_Task material_
===============

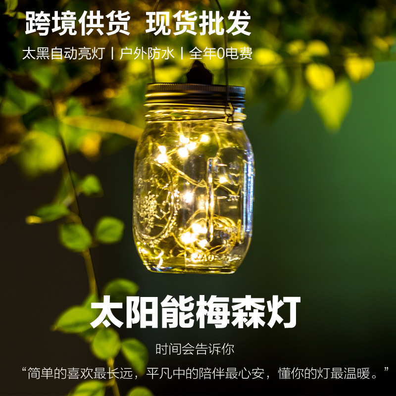 Lampu gantung botol Dekorasi halaman luar ruangan lampu Mason surya lintas batas lampu gantung gaya ins lampu retakan kaca harapan kreatif
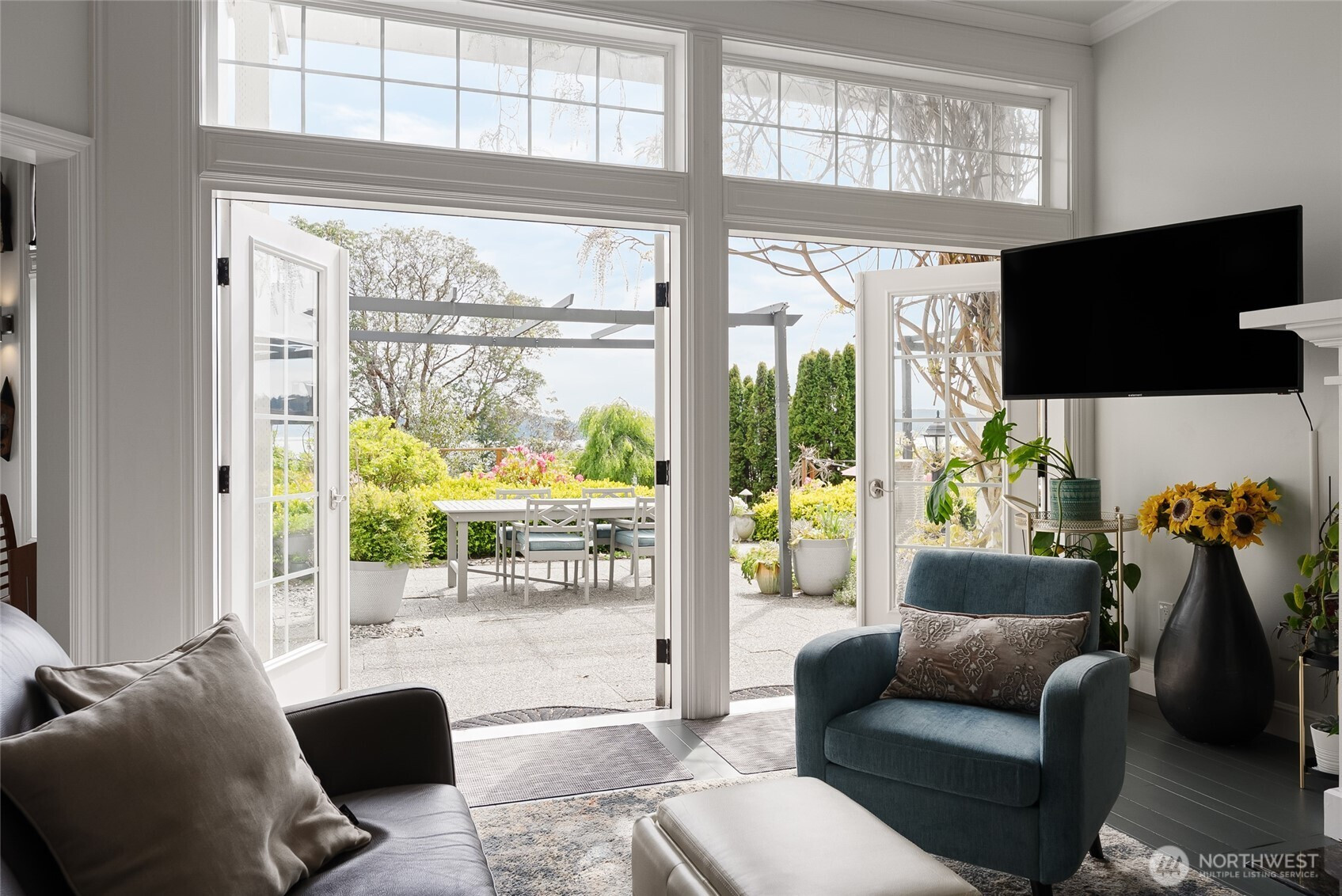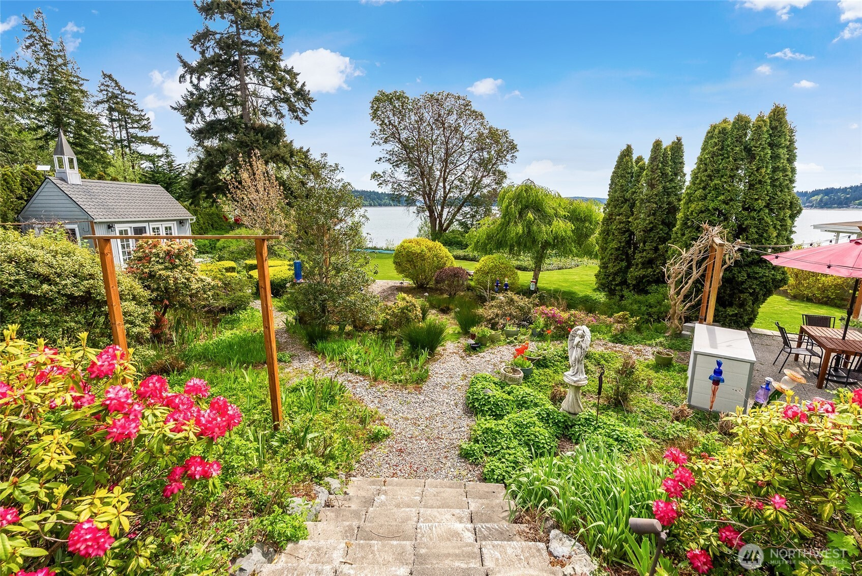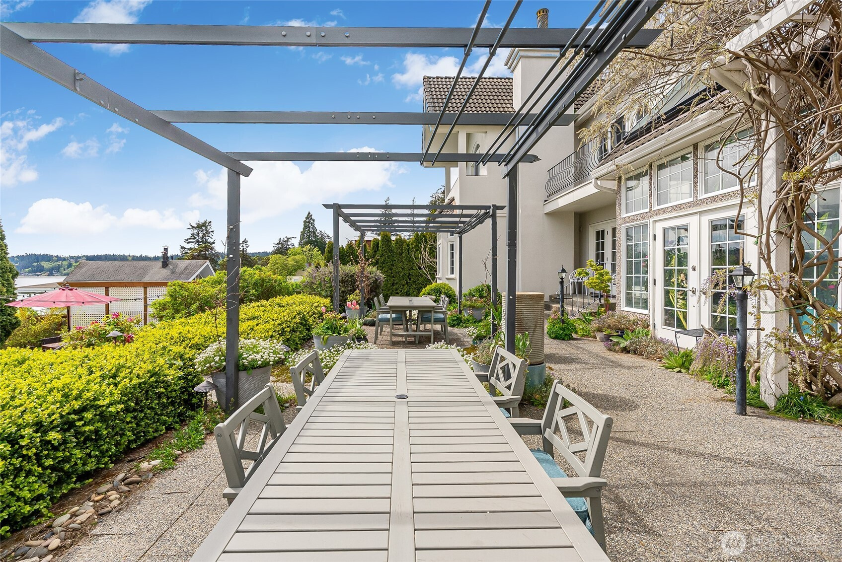A dynamic waterfront estate on Similk Bay offering two fully independent living residences joined by a light-filled atrium, creating genuine flexibility for multigenerational living, hosting friends and loved ones, or operating as an income-generating retreat. With an administrative use permit, the opportunity here extends well beyond the lifestyle. The main residence offers three bedrooms and generous living spaces oriented toward the water, where south-facing views stretch across the bay toward the Kukutali Preserve. There is also a flex space used by the current owner to host art classes which speaks to the kind of inspiration this setting quietly produces. The second residence mirrors the quality and views of the first with two bedrooms, two living rooms, and its own fully equipped kitchen. At 6,098 square feet across both residences, the scale supports every version of how this property can be lived in. What truly sets this estate apart is the waterfront and the access to it. Tideland rights give you private beach access where you could have your own hobby oyster farm, crab in the bay, or kayak across the characteristically calm water to Kiket Island and the Kukutali Preserve. The kind of coastal lifestyle most people only visit, and very few waterfront properties can actually offer. Lush grounds with mature gardens, room to host, and genuine peace and quiet complete a setting that has inspired owners, artists, and everyone lucky enough to visit.
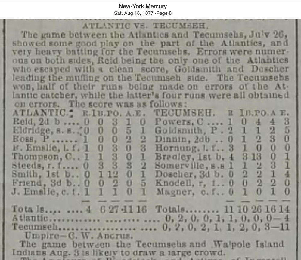 Tecumseh 11, Atlantics 4
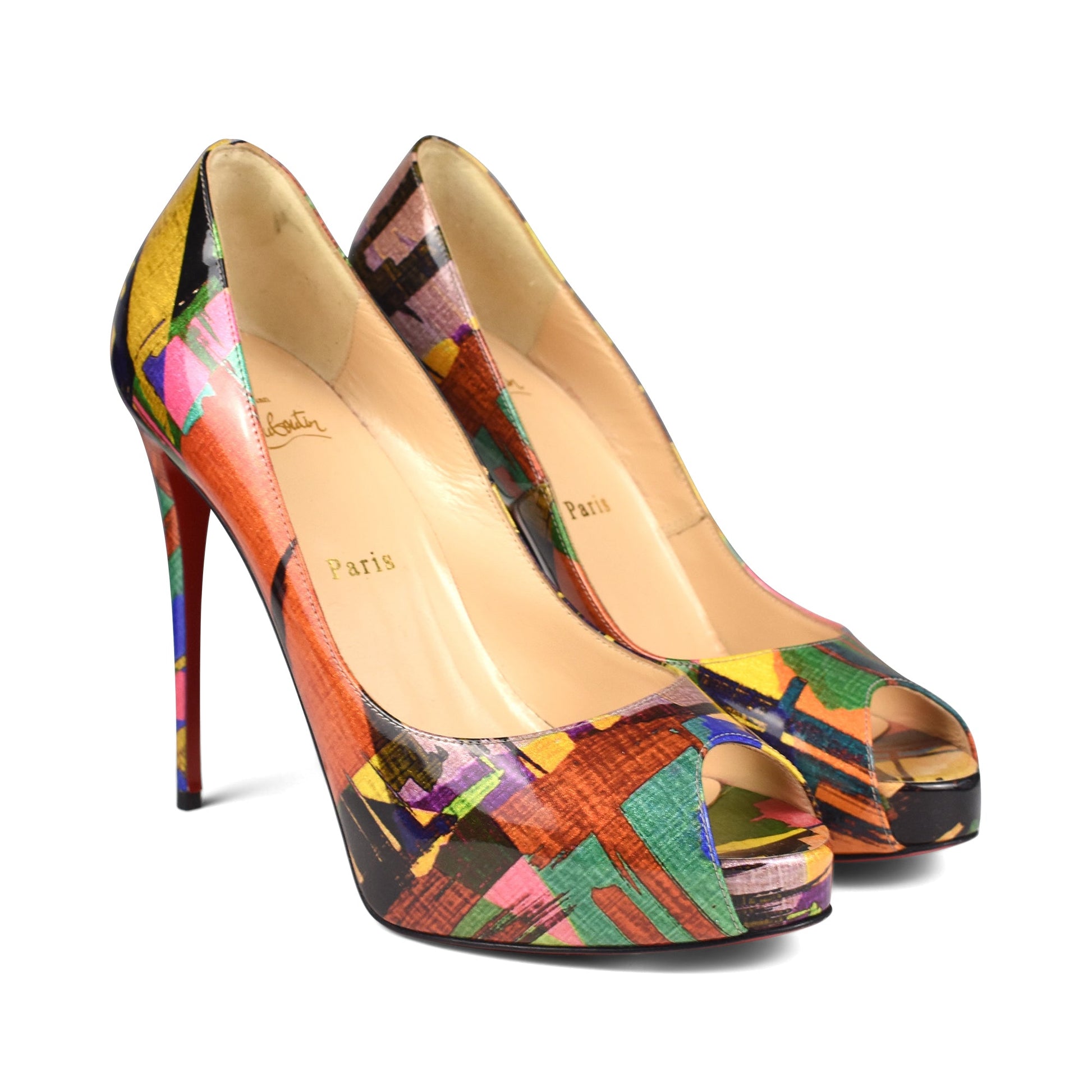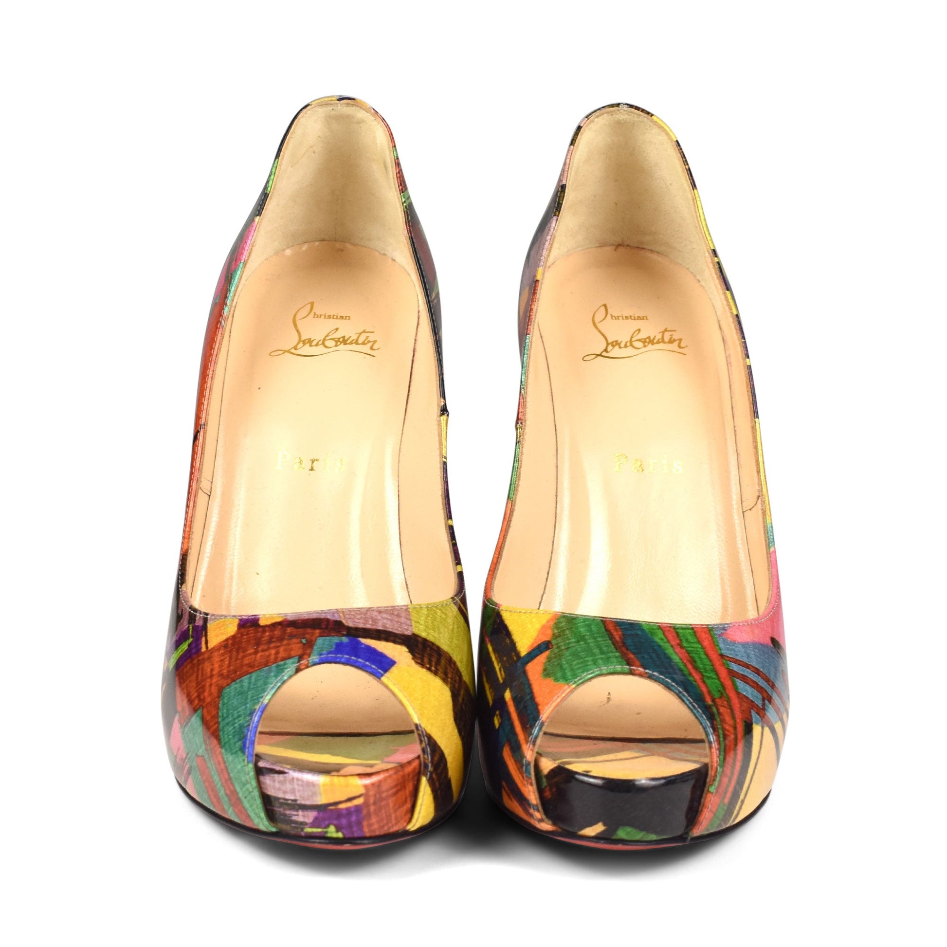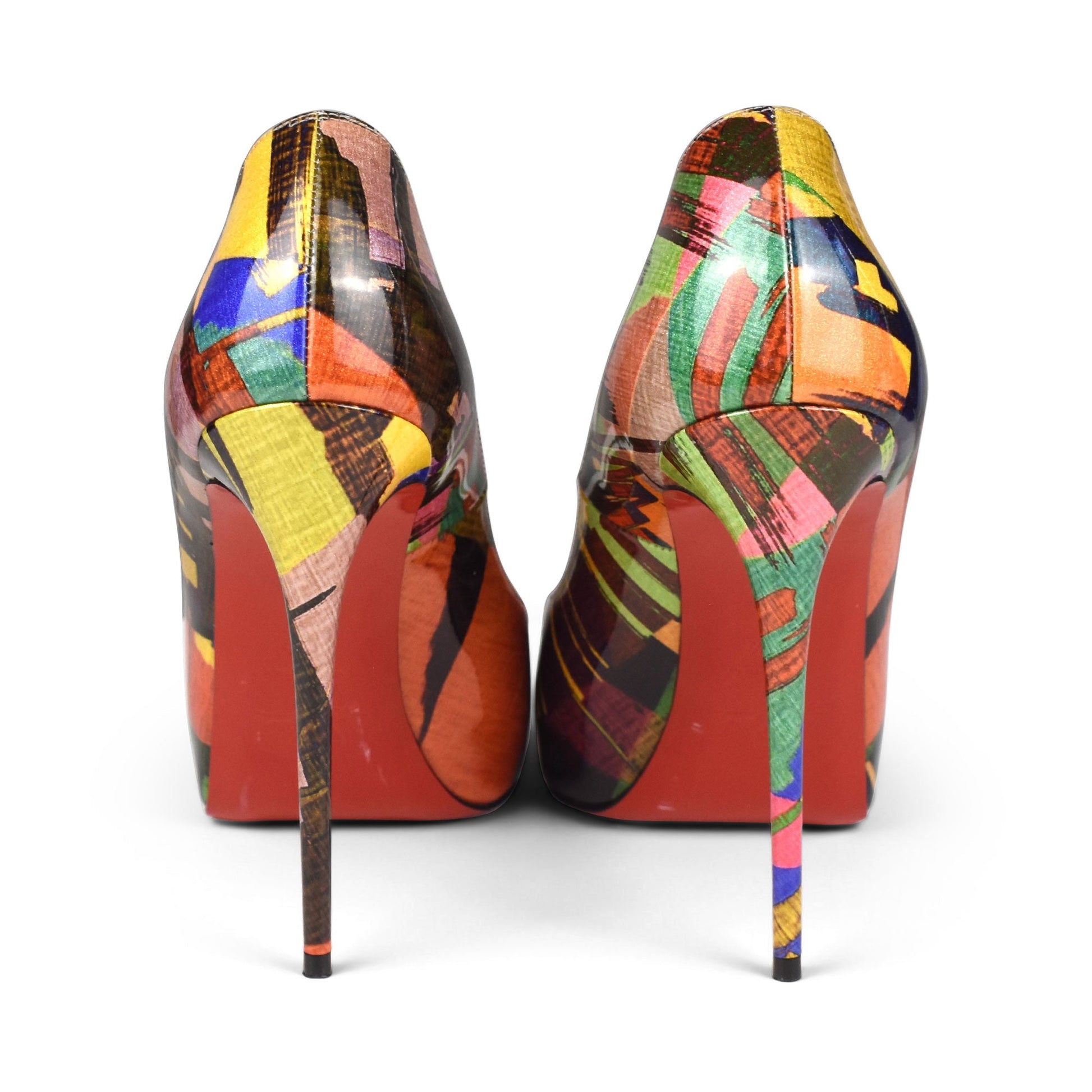 Christian Louboutin 'Very Prive' peep-toe Heels in multicolour glitter patent leather with an all-over abstract multi-colour design with a stiletto heel and red bottom sole.
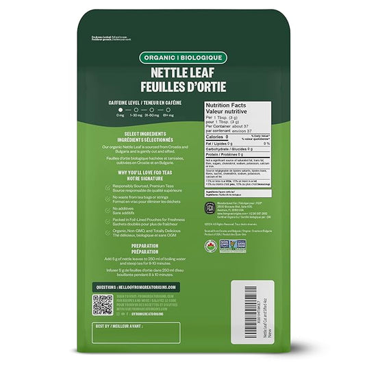 FGO Organic Nettle Leaf Loose Tea, Cut and Sifted, Caffeine Free, 4oz Resealable Bag, Packaging May Vary (Pack of 1)
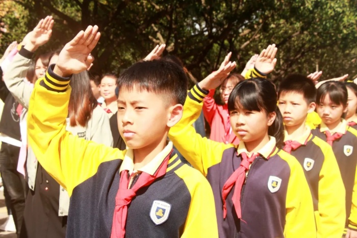11月12日11點(diǎn)12分,中山市三鑫學(xué)校校長(zhǎng)黃建軍、校監(jiān)楊要武、初中部校長(zhǎng)杜業(yè)富、德育副校長(zhǎng)江叔良等管理人員及學(xué)生代表,在孫中山先生銅像前隆重舉行紀(jì)念孫中山先生誕辰155周年活動(dòng),緬懷他為民族獨(dú)立、社會(huì)進(jìn)步、人民幸福建立的不朽功勛,弘揚(yáng)他的革命精神和崇高品德,以此激勵(lì)全校師生為實(shí)現(xiàn)中華民族偉大復(fù)興而團(tuán)結(jié)奮斗。
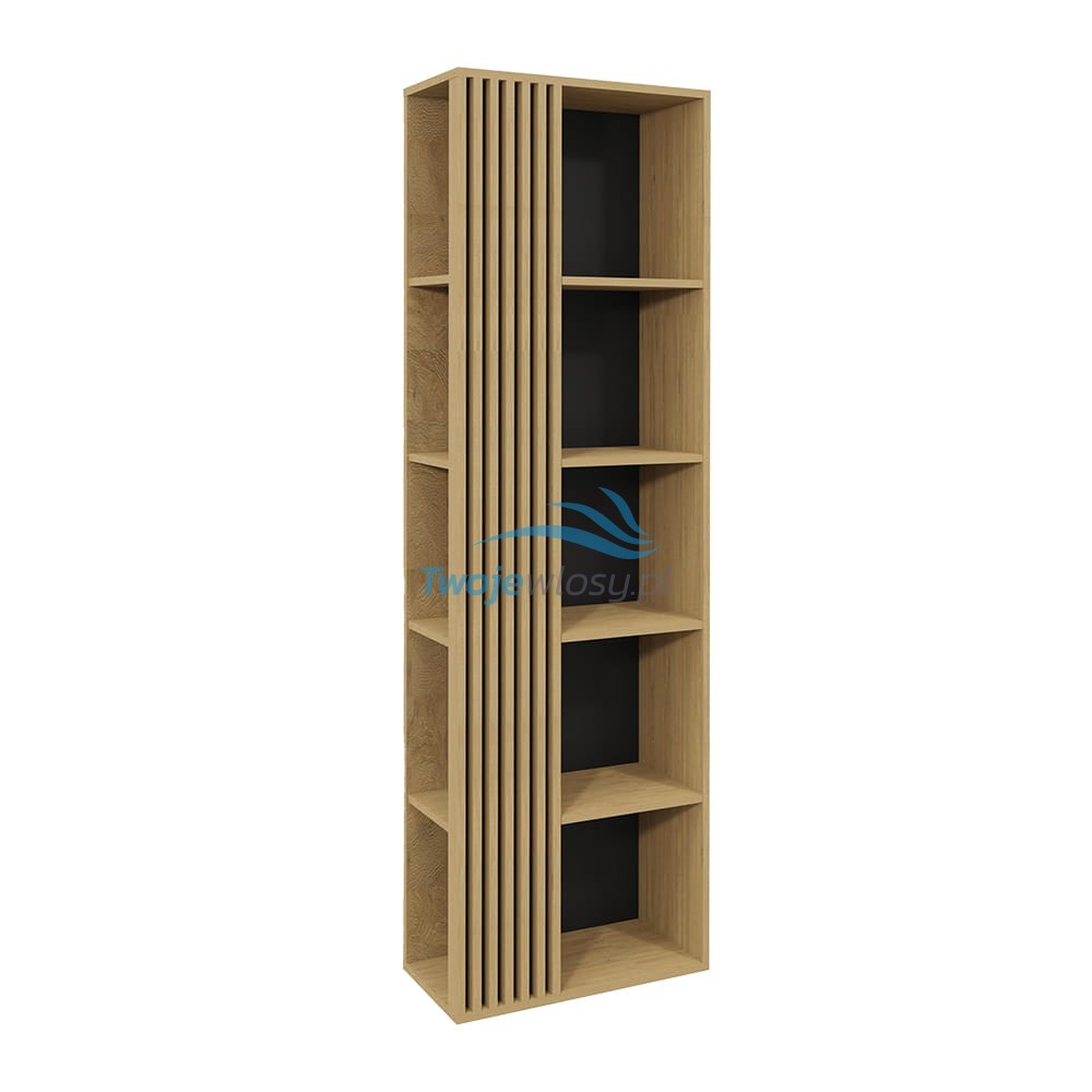 Prosta w formie i stworzona z płyty meblowej z laminatem imitującym drewno konstrukcja jest niezwykle elegancka. Mimo tego, że całość korpusu wygląda masywnie, to za sprawą lameli, bryła nabiera lekkości i nie przytłacza swoim zdecydowanym wyglądem. Konstrukcja posiada idealną funkcjonalność, która jest istotna w wymagającej pracy fryzjera. Płyta laminowana do wyboru według wzornika – pięknie imituje wygląd naturalnego drewna włącznie z fakturą słojów na powierzchni, dodatkowo jest bardzo odporna na zarysowania i temperaturę (mebel będzie bardzo długo wyglądał jak nowy).
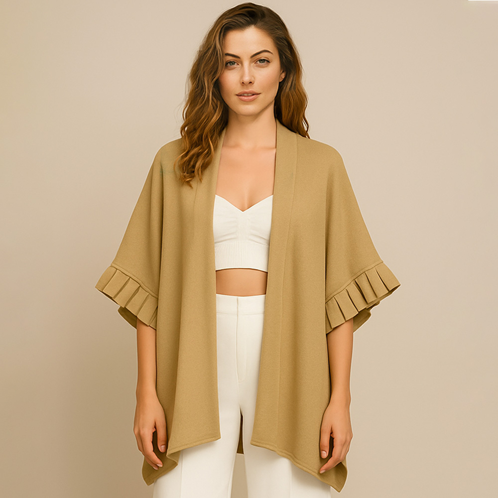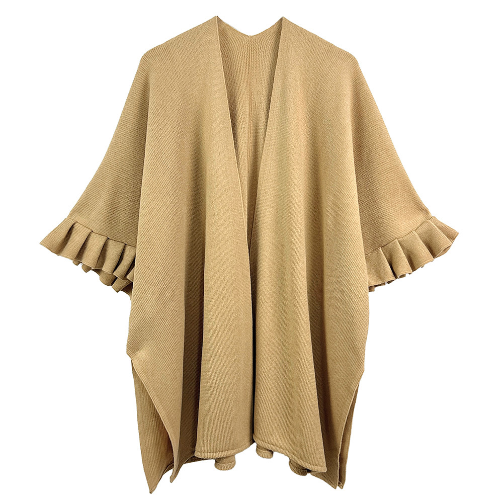 • Enhance your style with this open front cape featuring elegant ruffled sleeve details for a modern touch. Its relaxed fit and flowing silhouette make it a versatile layering piece, perfect for casual or dressy looks, offering comfort and sophistication for any occasion or season.
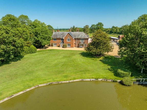 Dating from the 17th century, White House Farm is a Grade II-listed seven-bedroom farmhouse with a self-contained annexe. The lawned gardens and grounds extend to nearly four acres, including a lake. There is plenty of development potential as two barns have planning permission for conversion into two detached houses. Yaxley village is five miles from Diss and 20 miles from Ipswich.

===============

_How to complete this task_
Retype the listing exactly. Skip every picture.

_Reply_
 Lampu gantung botol Dekorasi halaman luar ruangan lampu Mason surya lintas batas lampu gantung gaya ins lampu retakan kaca harapan kreatif
A dynamic waterfront estate on Similk Bay offering two fully independent living residences joined by a light-filled atrium, creating genuine flexibility for multigenerational living, hosting friends and loved ones, or operating as an income-generating retreat. With an administrative use permit, the opportunity here extends well beyond the lifestyle. The main residence offers three bedrooms and generous living spaces oriented toward the water, where south-facing views stretch across the bay toward the Kukutali Preserve. There is also a flex space used by the current owner to host art classes which speaks to the kind of inspiration this setting quietly produces. The second residence mirrors the quality and views of the first with two bedrooms, two living rooms, and its own fully equipped kitchen. At 6,098 square feet across both residences, the scale supports every version of how this property can be lived in. What truly sets this estate apart is the waterfront and the access to it. Tideland rights give you private beach access where you could have your own hobby oyster farm, crab in the bay, or kayak across the characteristically calm water to Kiket Island and the Kukutali Preserve. The kind of coastal lifestyle most people only visit, and very few waterfront properties can actually offer. Lush grounds with mature gardens, room to host, and genuine peace and quiet complete a setting that has inspired owners, artists, and everyone lucky enough to visit.
 Tecumseh 11, Atlantics 4
 Christian Louboutin 'Very Prive' peep-toe Heels in multicolour glitter patent leather with an all-over abstract multi-colour design with a stiletto heel and red bottom sole.
 FGO Organic Nettle Leaf Loose Tea, Cut and Sifted, Caffeine Free, 4oz Resealable Bag, Packaging May Vary (Pack of 1)
11月12日11點(diǎn)12分,中山市三鑫學(xué)校校長(zhǎng)黃建軍、校監(jiān)楊要武、初中部校長(zhǎng)杜業(yè)富、德育副校長(zhǎng)江叔良等管理人員及學(xué)生代表,在孫中山先生銅像前隆重舉行紀(jì)念孫中山先生誕辰155周年活動(dòng),緬懷他為民族獨(dú)立、社會(huì)進(jìn)步、人民幸福建立的不朽功勛,弘揚(yáng)他的革命精神和崇高品德,以此激勵(lì)全校師生為實(shí)現(xiàn)中華民族偉大復(fù)興而團(tuán)結(jié)奮斗。
 Prosta w formie i stworzona z płyty meblowej z laminatem imitującym drewno konstrukcja jest niezwykle elegancka. Mimo tego, że całość korpusu wygląda masywnie, to za sprawą lameli, bryła nabiera lekkości i nie przytłacza swoim zdecydowanym wyglądem. Konstrukcja posiada idealną funkcjonalność, która jest istotna w wymagającej pracy fryzjera. Płyta laminowana do wyboru według wzornika – pięknie imituje wygląd naturalnego drewna włącznie z fakturą słojów na powierzchni, dodatkowo jest bardzo odporna na zarysowania i temperaturę (mebel będzie bardzo długo wyglądał jak nowy).
 • Enhance your style with this open front cape featuring elegant ruffled sleeve details for a modern touch. Its relaxed fit and flowing silhouette make it a versatile layering piece, perfect for casual or dressy looks, offering comfort and sophistication for any occasion or season.
 Dating from the 17th century, White House Farm is a Grade II-listed seven-bedroom farmhouse with a self-contained annexe. The lawned gardens and grounds extend to nearly four acres, including a lake. There is plenty of development potential as two barns have planning permission for conversion into two detached houses. Yaxley village is five miles from Diss and 20 miles from Ipswich.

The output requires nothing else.